The current rise in the value of the euro is directly attributable to the crisis in the US stock market, itself a direct result of the frauds perpetrated by major corporations like Enron, Worldcom and Xerox. Despite attempts by the US government to restore confidence, mainly by strengthening the powers of the regulators, international investors have been piling into Europe, fearful that there may be more to come out of the American woodwork and far from sure that the moves announced by President Bush will put corporate America back on the straight and narrow.

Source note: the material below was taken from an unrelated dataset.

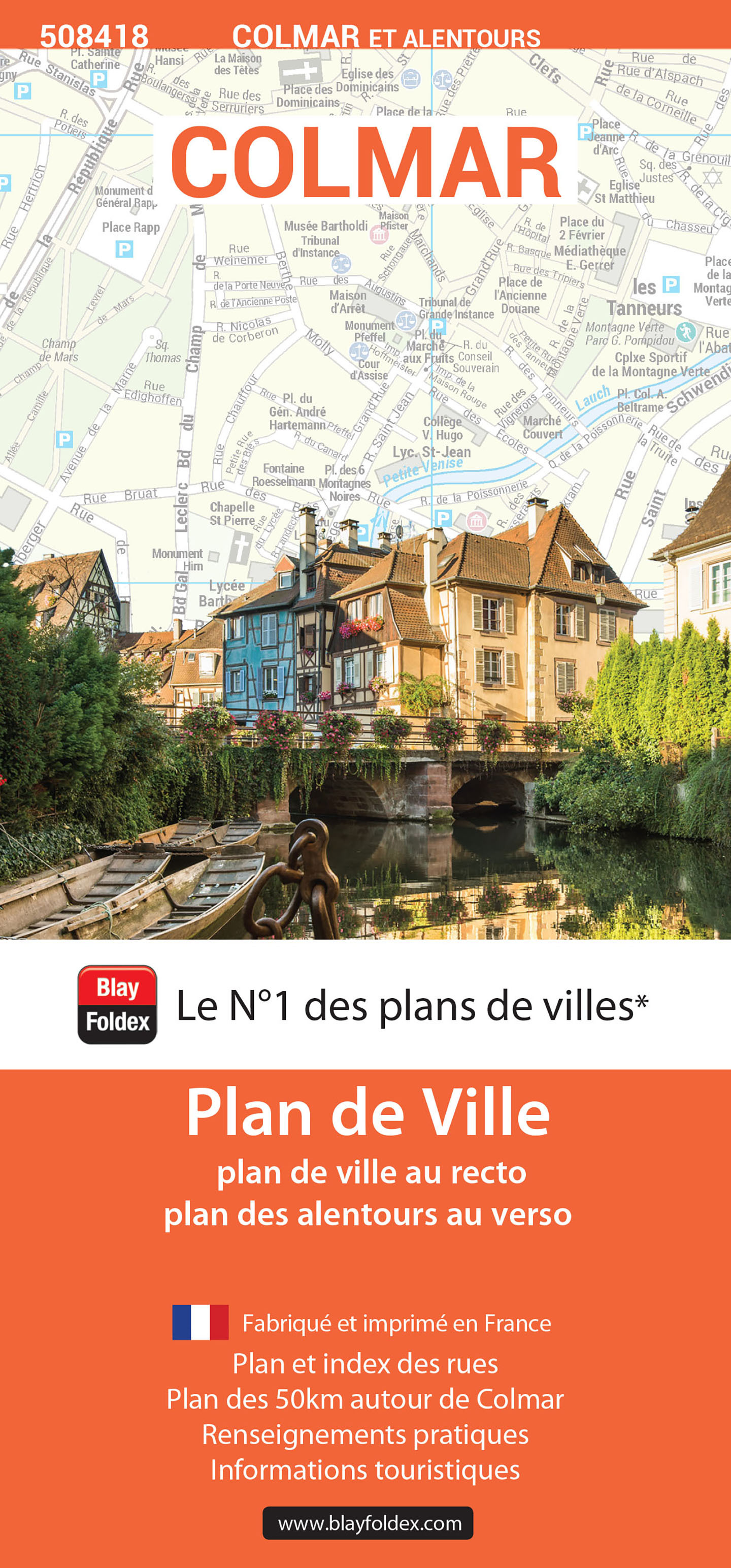 Le plan de ville de Colmar indique les principaux sites et monuments à visiter : la Vieille ville, la Petite Venise, la collégiale Saint-Martin, le Musée d’Unterlinden, le Musée Batholdi, le Muséum d’Histoire Naturelle et d’Ethnographie, le Musée du jouet et des Petits Trains, l’Ancienne Douane (Koïfhus), la Maison des Têtes, la Place Rapp et le monument du Général Rapp ou encore le Pont Saint-Pierre. Ce plan de ville contient l’ensemble des rues avec leur nom, les principaux bâtiments publics et touristiques. Un index complet des rues et des bâtiments vous permet de vous repérer très facilement. Il couvre la commune de Colmar.

But can there be any assurance that the European market is any safer? The grandiose follies of some of Europe’s megacorporations, such as Vivendi and France Telecom who have seen their values tumble because of extravagant spending sprees, ought to sound a note of warning: only this week Deutsche Telekom followed Vivendi in parting with its president because of his reckless over-expansion program.

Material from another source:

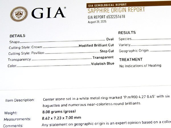 GIA発行の宝石鑑別書付属!(産地記載有り)

However, it is Tuesday’s announcement that the governor of the Bank of France, Jean-Claude Trichet, must stand trial over a banking scandal that will set alarm bells ringing. This is the man who is in line to take over as head of the European Central Bank when its current president, Wim Duisenberg, retires, supposedly in July next year. He has come under suspicion because, as a French treasury official, he was directly involved in the 1980s with the then state-owned Credit Lyonnais bank whose reckless lending and consequent bad debts at the time forced a restructuring that cost the French tax payer some $30 billion. The worst of it, resonating so alarmingly with the unfolding US scandals, is that Credit Lyonnais bank tried to cook the books to hide the losses.

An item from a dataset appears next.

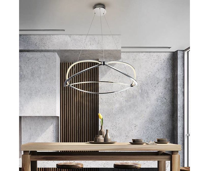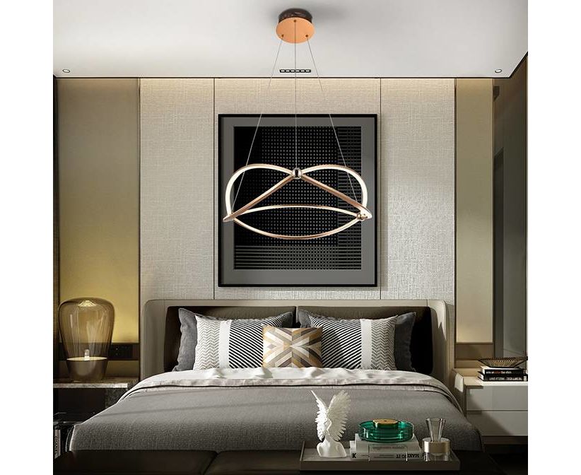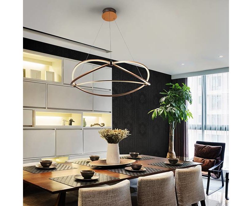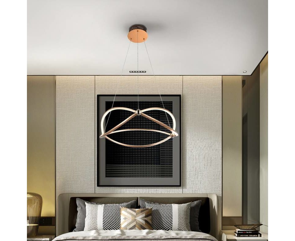 Подвесной светильник LED из алюминия с матовой полировкой с золотистым покрытием. Силиконовые рассеиватели опалового цвета, с регулируемой высотой.

Even if Trichet is cleared of any involvement, there is no way that he could be now appointed as president of the ECB; indeed, his present position must be considered tenuous. After the scandals in the US and the disastrous effect they have had on the world economy —- far more devastating than Sept. 11 — the person who takes on the European post has to be seen as whiter than white. Trichet’s appointment would trigger a major crisis of confidence in Europe’s financial probity and consequently in the value of the euro. But there is a further aspect to the Trichet affair that even now threatens a body blow to investor confidence that transparency reigns in the economy of euroland. It has now emerged that French state prosecutors leaned heavily on the magistrate examining the Credit Lyonnais bank case to leave him alone. Moreover, government officials in Paris say that regardless of the circumstances, he remains the French choice to head the ECB. This sends a chill message to investors: it says that the environment of coverup and institutional deception that enabled fraudulent accounting to flourish on both sides of the Atlantic, be it in Credit Lyonnais bank or Enron, is still very much alive and kicking.
Just as investors in the US need to be reassured that new standards of business accounting and transparency are being set, so too in Europe. If they are provided with messages to the contrary — and the Trichet affair does precisely that — they are going to look elsewhere to put their money.